====== Raw data ======

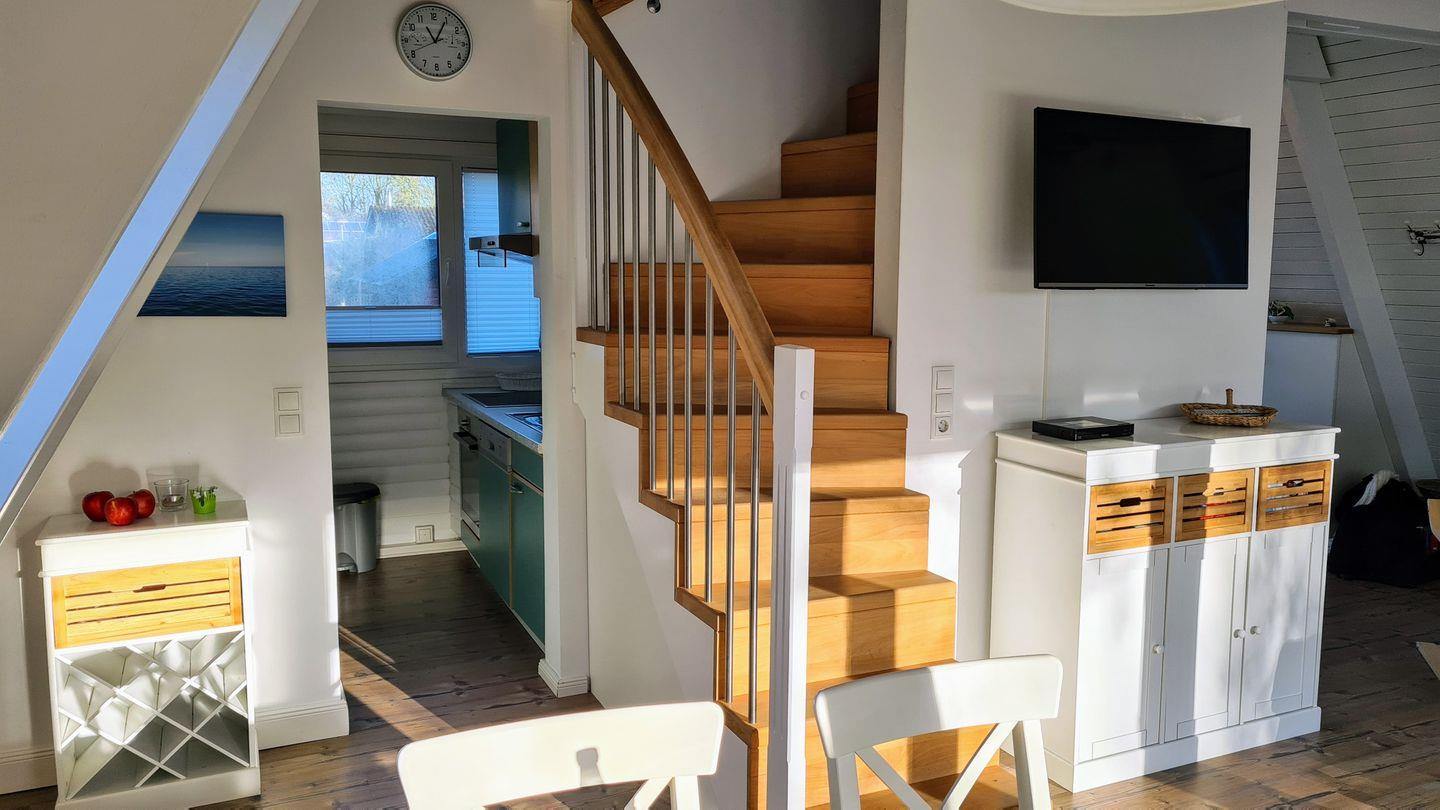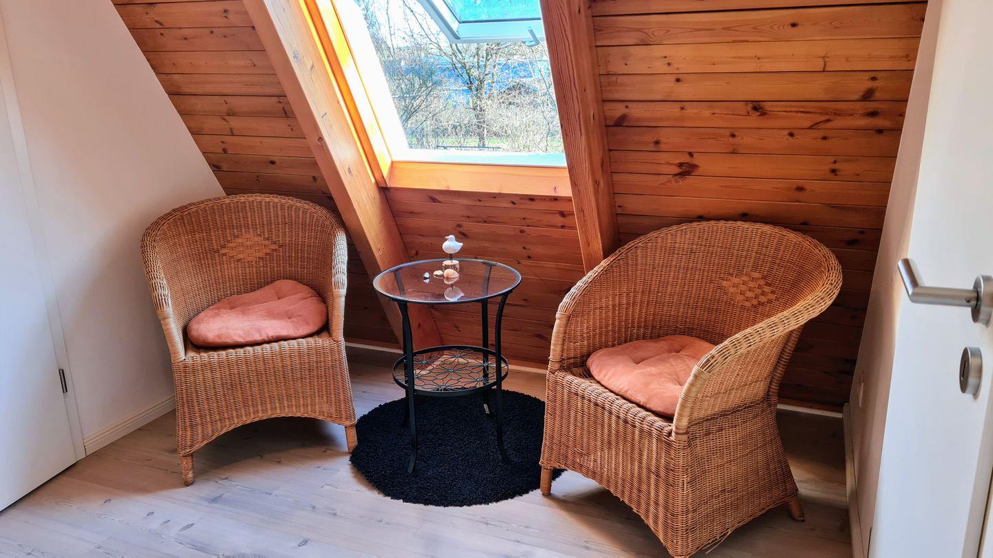 Vom Wohnbereich aus führt eine Treppe in die obere Etage. Hier erwartet Sie ein kleiner Bereich, um sich mit einem guten Buch zurückzuziehen und die beiden Schlafzimmer, eines mit Doppelbett und eines mit zwei Einzelbetten. Ein Bettchen für unsere kleinen Gäste bis 2,5 Jahre kann bei Bedarf aufgestellt werden.
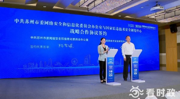 启动仪式上,苏州市委网信办和国家信息技术安全研究中心签订战略合作协议,根据协议,双方将共同推动国家信息技术安全研究中心苏州分中心建设,更好服务苏州网信事业。
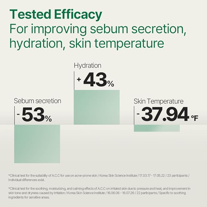 - [Clinically Proven Effects] 53.3% reduction in sebum production, 43.8% increase in hydration, 3.3°C reduction in skin temperature
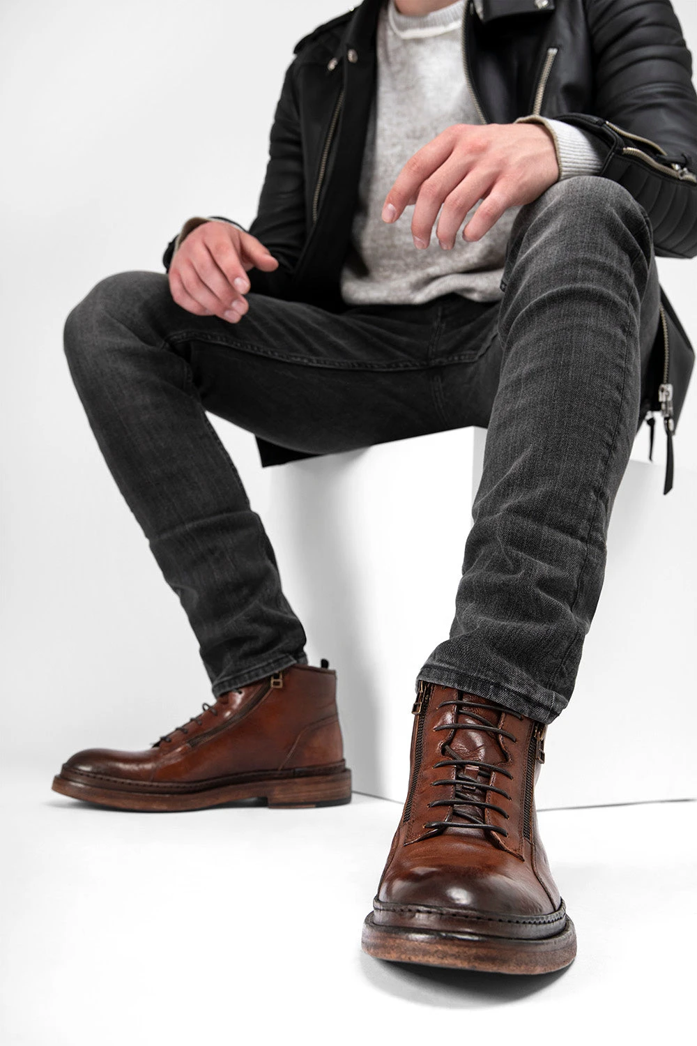 A beautifully crafted chukka boot, elevated by two frontal zippers and featuring the sophisticated welted buffalo leather sole hallmark of our YORK collection. This style is skillfully handmade in Italy from vegetal-tanned calf leather, hand-dyed in a warm shade of brown, stonewashed and brushed to enhance its bold personality and rebellious edge. Impeccable quality, the finest Italian craftsmanship and a design that is urban chic in its essence.

======

The task - Give back exactly the lines from the one containing "启动仪式上,苏州市委网信办和" through the last line above, both included, and none of the pictures.

Answer box -
 启动仪式上,苏州市委网信办和国家信息技术安全研究中心签订战略合作协议,根据协议,双方将共同推动国家信息技术安全研究中心苏州分中心建设,更好服务苏州网信事业。
 - [Clinically Proven Effects] 53.3% reduction in sebum production, 43.8% increase in hydration, 3.3°C reduction in skin temperature
 A beautifully crafted chukka boot, elevated by two frontal zippers and featuring the sophisticated welted buffalo leather sole hallmark of our YORK collection. This style is skillfully handmade in Italy from vegetal-tanned calf leather, hand-dyed in a warm shade of brown, stonewashed and brushed to enhance its bold personality and rebellious edge. Impeccable quality, the finest Italian craftsmanship and a design that is urban chic in its essence.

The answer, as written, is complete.